═══ Supplied records ═══
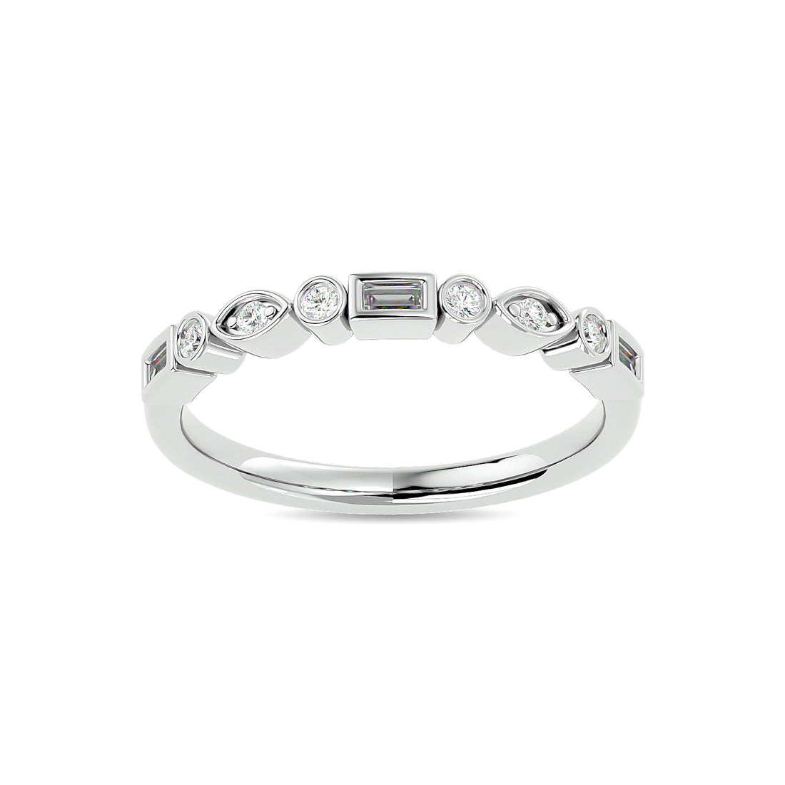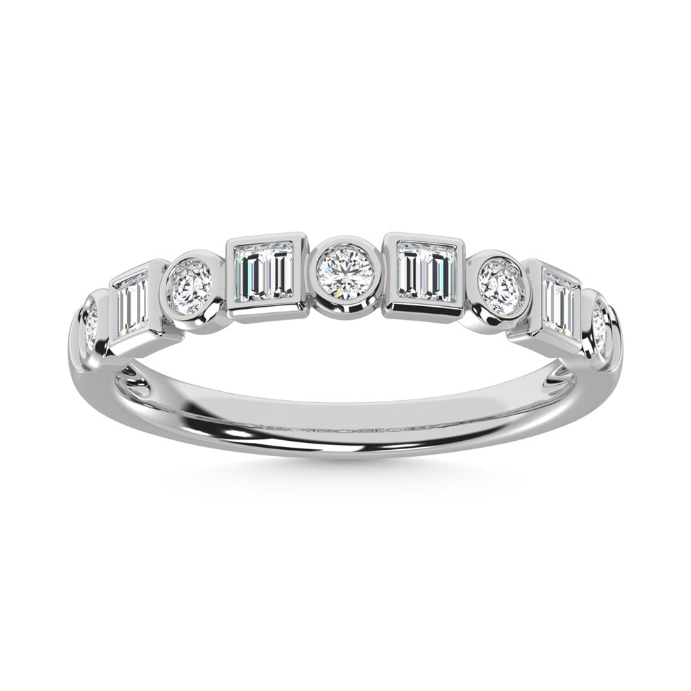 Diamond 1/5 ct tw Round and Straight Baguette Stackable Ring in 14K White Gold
═══
═══ Supplied records ═══
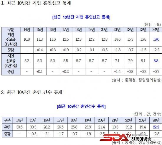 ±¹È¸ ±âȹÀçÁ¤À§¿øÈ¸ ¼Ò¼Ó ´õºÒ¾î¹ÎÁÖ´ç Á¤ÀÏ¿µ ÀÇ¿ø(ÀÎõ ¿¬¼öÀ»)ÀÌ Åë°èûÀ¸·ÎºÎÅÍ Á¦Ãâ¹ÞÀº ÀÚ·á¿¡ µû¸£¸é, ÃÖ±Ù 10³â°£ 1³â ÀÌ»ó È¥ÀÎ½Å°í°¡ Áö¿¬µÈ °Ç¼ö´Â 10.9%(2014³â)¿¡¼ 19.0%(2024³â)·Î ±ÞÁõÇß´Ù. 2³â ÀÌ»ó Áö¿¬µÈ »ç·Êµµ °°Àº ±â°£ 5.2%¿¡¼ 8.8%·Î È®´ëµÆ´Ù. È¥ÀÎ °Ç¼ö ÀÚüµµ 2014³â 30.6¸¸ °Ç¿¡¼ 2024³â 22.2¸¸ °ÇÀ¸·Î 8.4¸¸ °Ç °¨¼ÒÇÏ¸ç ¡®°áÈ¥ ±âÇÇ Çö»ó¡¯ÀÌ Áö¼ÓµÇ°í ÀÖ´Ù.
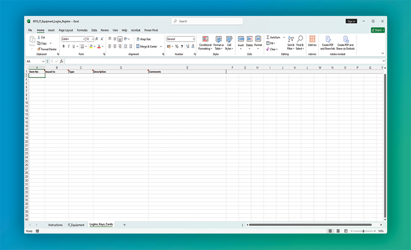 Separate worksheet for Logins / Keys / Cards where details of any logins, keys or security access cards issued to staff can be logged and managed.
═══
═══ Supplied records ═══
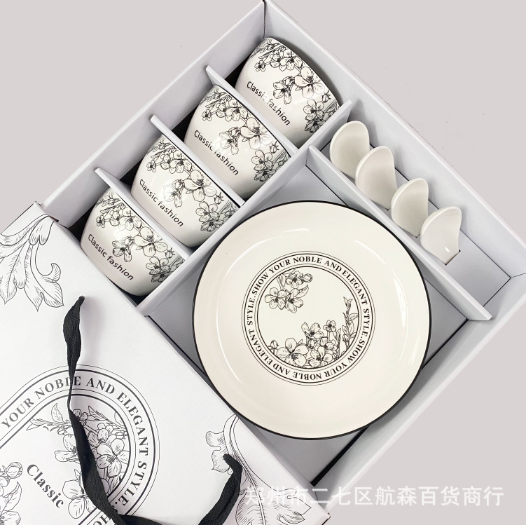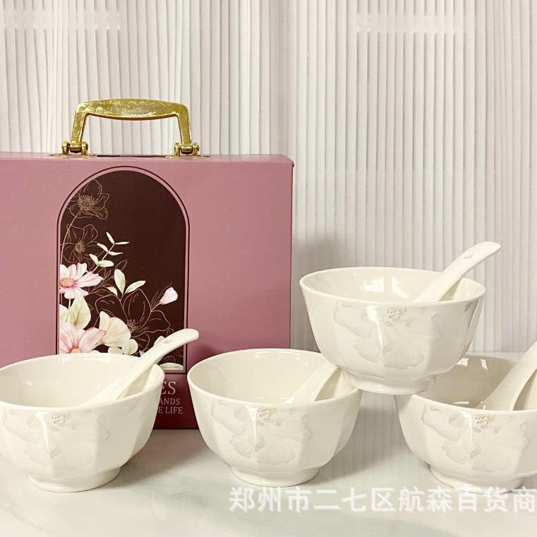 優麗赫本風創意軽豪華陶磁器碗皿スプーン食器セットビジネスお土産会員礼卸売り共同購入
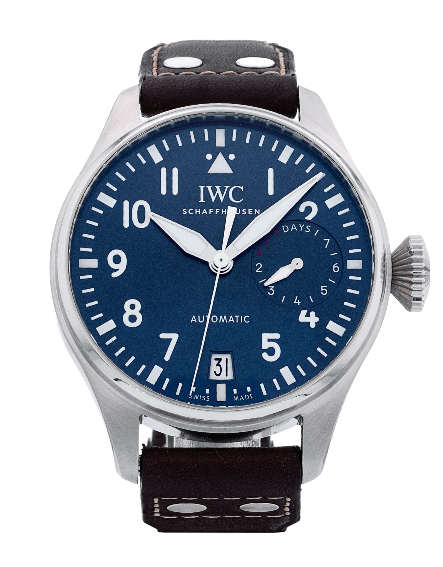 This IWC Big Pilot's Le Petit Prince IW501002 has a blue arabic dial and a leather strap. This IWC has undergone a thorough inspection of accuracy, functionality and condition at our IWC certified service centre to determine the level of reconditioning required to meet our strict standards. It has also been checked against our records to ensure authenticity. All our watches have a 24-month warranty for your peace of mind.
═══
**Work task:**
The answer is the lines of the material above, from the one containing "優麗赫本風創意軽豪華陶磁器碗" down to the one containing "This IWC Big", given exactly and without images.

**Response area:**
 優麗赫本風創意軽豪華陶磁器碗皿スプーン食器セットビジネスお土産会員礼卸売り共同購入
 This IWC Big Pilot's Le Petit Prince IW501002 has a blue arabic dial and a leather strap. This IWC has undergone a thorough inspection of accuracy, functionality and condition at our IWC certified service centre to determine the level of reconditioning required to meet our strict standards. It has also been checked against our records to ensure authenticity. All our watches have a 24-month warranty for your peace of mind.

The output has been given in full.